Unfortunately, packers and protectors tend to overwrite these value to write their own and/or harden the process of guessing the original compiler.

Also, the resource directory of an executable is a good place to search for specific linker info. e.g. RT_RCDATA having a resource named "DVCLAL" is a sign of Borland C++ or Delphi and the "RT_MANIFEST" in case of a MSVC-built executable can tell us about the specfic version of runtime DLL's it is linked to and hence the compiler version.

Also, an executable with the "TimeDateStamp" field set to 0x2A425E19 is a sign of being built with Delphi.

Now, if you want to determine compiler from assembly code, then the sign of a recent MSVC compiler version is seeing the function that generates the stack cookie just at the entry point.
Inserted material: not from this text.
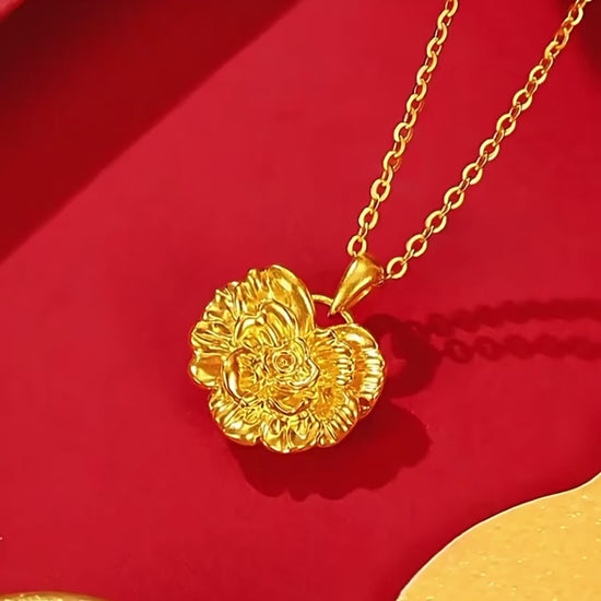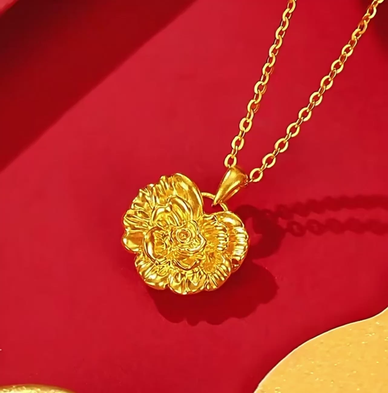 24K 999 Gold Trendy Heart Shape Flower Peony Pendant

Seeming, a JMP instruction at the entry point followed by the string "fb:C++Hook" is a sign of Borland C++, and so on.


Does knowing the compiler used to generate an application help me to more effectively reverse engineer back from the generated object to what the source code might have been, and if it does help, how so?

Yes, it should help.

Even better:

  • the exact compiler version;
  • the exact command line parameters;
  • the build environment (OS, patch level, ...).

The idea is to:

  • build test cases for a lot of different cases (small little programs) that showcase different structures and compiling them;

  • look at the resulting machine code (noticing patterns).
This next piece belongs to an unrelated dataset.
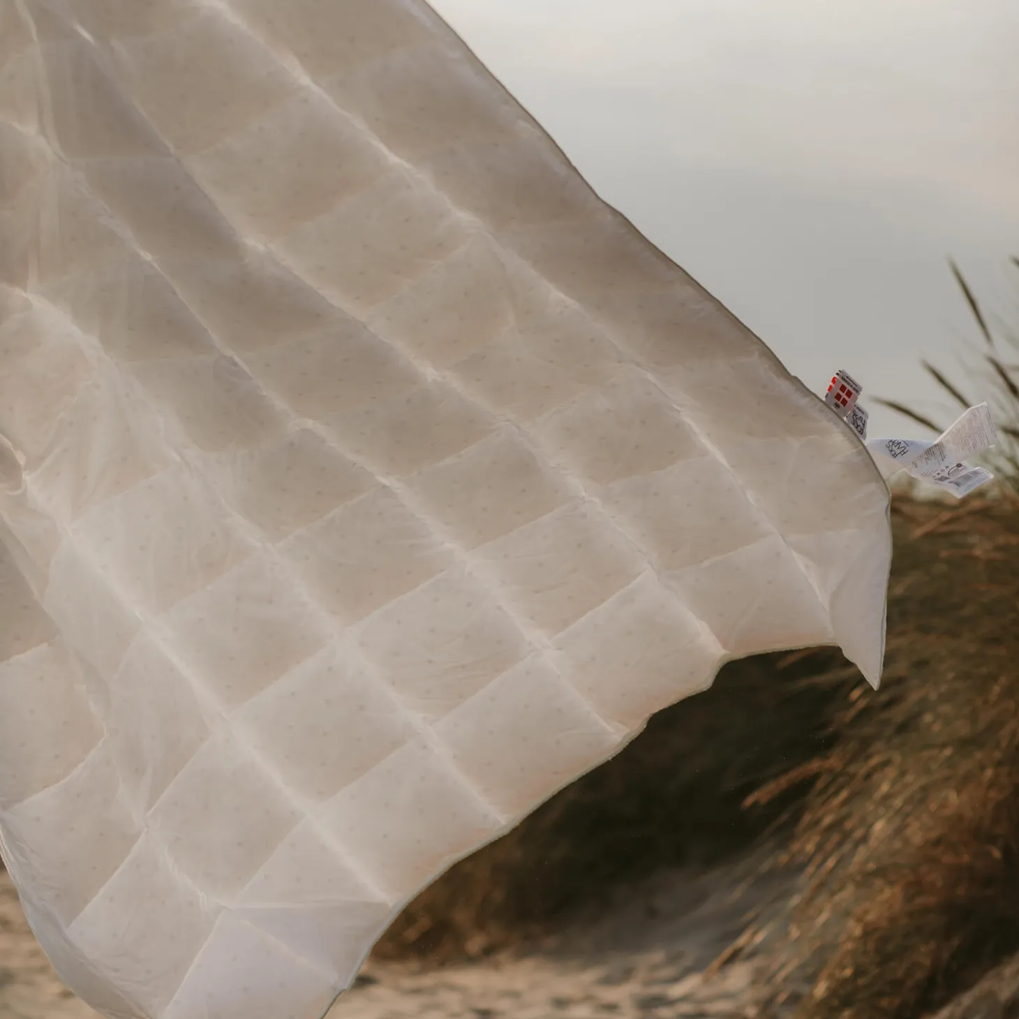 En fyldigere sommerdyne, der holder dig kølig. Fossflakes sommerdynen er en allergivenlig fiberdyne, der minder mere om en dundyne. Fyldet er nemlig et løst materiale som dun er, en unik blanding af de fine små Fossflakes og ultralette polyesterkuglefibre. Luftindholdet heri lader fugt og varme fordampe og det gør dynen åndbar. Dynen er desuden syet med små, gennemstukne kassetter, der skaber såkaldte ‘kuldebroer’, som sammen med det åndbare fyld sikrer dig en kølig nattesøvn. Fyldet fordeler sig jævnt, kan altid rystes op og danner ikke klumper efter brug og vask. Både fyld og vår er certificeret efter strengeste Oeko-Tex Standard 100 Class 1. Dynevåret er syet i 100% bomuld.Fossflakes dyner er nemme at vedligeholde og bevarer sin fylde, selv efter hyppig vask. Maskinvaskes ved 60° C og holdes derved fri for støvmider. Brug enzymfrit vaskemiddel og undgå brug af skyllemiddel. Kan tørretumbles på uld eller silkeprogram. Tåler ikke høj varme. Er du i tvivl om din maskine kan overholde varmegraderne, så lad i stedet dit Fossflakes produkt lufttørre. Fossflakes er designet og produceret i Danmark.

A lot of these cases could be generalized over the major version of the compiler (if and other control structures, basic language functions, ...).

It is possible that there are some compiler-specific optimizations that differ a lot for the same program.

(I wonder if there are test case libraries for common/useful cases to aid reverse engineering of the machine code that a specific compiler generates.)

If you just talk about the machine code (or Assembly code), there isn't much information. Most modern compilers will produce similar output or the output won't be enough to see differences. One thing that may give indication is compiler optimization, which I am not experienced with and someone else should chime in. If you do have the entire ELF file though, and symbols are available, you may be able to draw conclusions based on what kinds of libraries are linked (for example, libgcc would be a giveaway) or the names of compiler specific functions. If the ELF contains debugging information you may even see things like "GCC: (Ubuntu/Linaro 4.6.3-1ubuntu5) 4.6.3". If you are dealing with C++ code the symbol name mangling can give it away.

However, as you asked yourself, I am curious why you need this information. I don't know how much help you will get by knowing the compiler that made it will do. I do more work with ARM and I know with that platform, there is a Application Binary Interface that compilers/assembly code must adhere to. This ABI gives information about how functions should be called, what registers should be used for what, and etc. I know for platforms without a strict ABI, operating systems often give information to developers about such topics. Regardless, compilers all should create compatible code so I don't know of any use for identifying the compiler that created the code.